The government’s commitment to statutory Health Education, Relationships Education (primary) and Relationships and Sex Education (secondary) from 2020 will encourage schools to place more emphasis on PSHE education and increases the need for trained, effective teachers in place to deliver it well.
Initial teacher education (ITE) can provide a vital foundation for delivering PSHE education safely and effectively, yet the nature and importance of such learning is not always fully understood.
We published ‘Teacher Trainers and PSHE Education: A Snapshot’ in February 2019, a report on our research into PSHE provision in ITE. The report focusses on provision in the West Midlands, but its findings, recommendations and good practice examples will be of interest to ITE providers of all types across the country.
We also launched a ‘PSHE education in ITE: a framework to support teacher educators and trainee teachers’ in February. This framework outlines learning opportunities for ITE providers to consider including in their curriculum. This can be used as a standalone resource or in tandem with students’ completion of our existing Certificate of professional development in PSHE education for newly qualified teachers..
We feature the University of Worcester in our report as an example of primary phase ITE provision that fully embeds discrete and integrated PSHE education across their curriculum.
They have shared a possible approach to inclusion of PSHE in an undergraduate and postgraduate Primary phase ITE programme [available here]. The programme, which is based on the exemplar model shared, has received very positive feedback from their trainee teachers.

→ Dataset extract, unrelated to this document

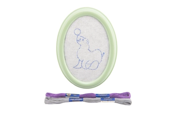 - Marco de plástico con tela tensada y diseño preimpreso, dos plantillas adicionales para bordar, hilos de algodón

See the below video from Victoria Pugh at the University of Worcester — where ITE PSHE students talk about their experiences on the course.
Our report also features a case study from the University of Birmingham — whose trainee teachers commented favourably on the input within their secondary PGDipEd programmes:
Completing training in PSHE during my PGDipEd allowed me to develop as a facilitator of PSHE. It helped me understand how meaningful, effective PSHE can contribute greatly to the holistic development of pupils and provide them with the skills needed to develop as confident, healthy and happy individuals far beyond school. I am much more confident and dedicated to the facilitation of PSHE than many of my colleagues who have not been trained in the subject.
NQT: Teacher of PSHE education, year 11
Take a look in our report to find out more about ways these universities embed PSHE education in their ITE programmes.
PSHE Association support and membership for NQT's
The PSHE Association is pleased to offer a reduced price concessionary membership costing £15 for a year (normally £45) to Newly Qualified Teachers (NQTs), student teachers and Teaching Assistants in their first year of membership.
The key benefits of membership are:
- Access to popular member-only resources to help you plan your PSHE education programme and effectively address key issues in lessons.
- The latest PSHE news on curriculum, resources and training by email, social media and our website.
- Advice and support from a PSHE Subject Specialist when you need it, by phone or email.
- Access to high quality CPD courses and conferences to help you plan, coordinate and assess PSHE in your school.
- Being part of a growing community of professionals working to improve the quality and profile of PSHE education nationally.
Certificate of professional development in PSHE education for newly qualified teachers
Working towards the certificate will support Newly qualified teachers (NQT's) to develop the basic understanding and skills they require to effectively teach PSHE education on qualification. NQTs are often required to deliver PSHE upon taking up their first teaching post.
Successfully completing the professional development framework and achieving the Certificate of professional development in PSHE education for newly qualified teachers, leaves trainee teachers feeling better prepared and confident to teach PSHE education, as well as enhancing their employment prospects.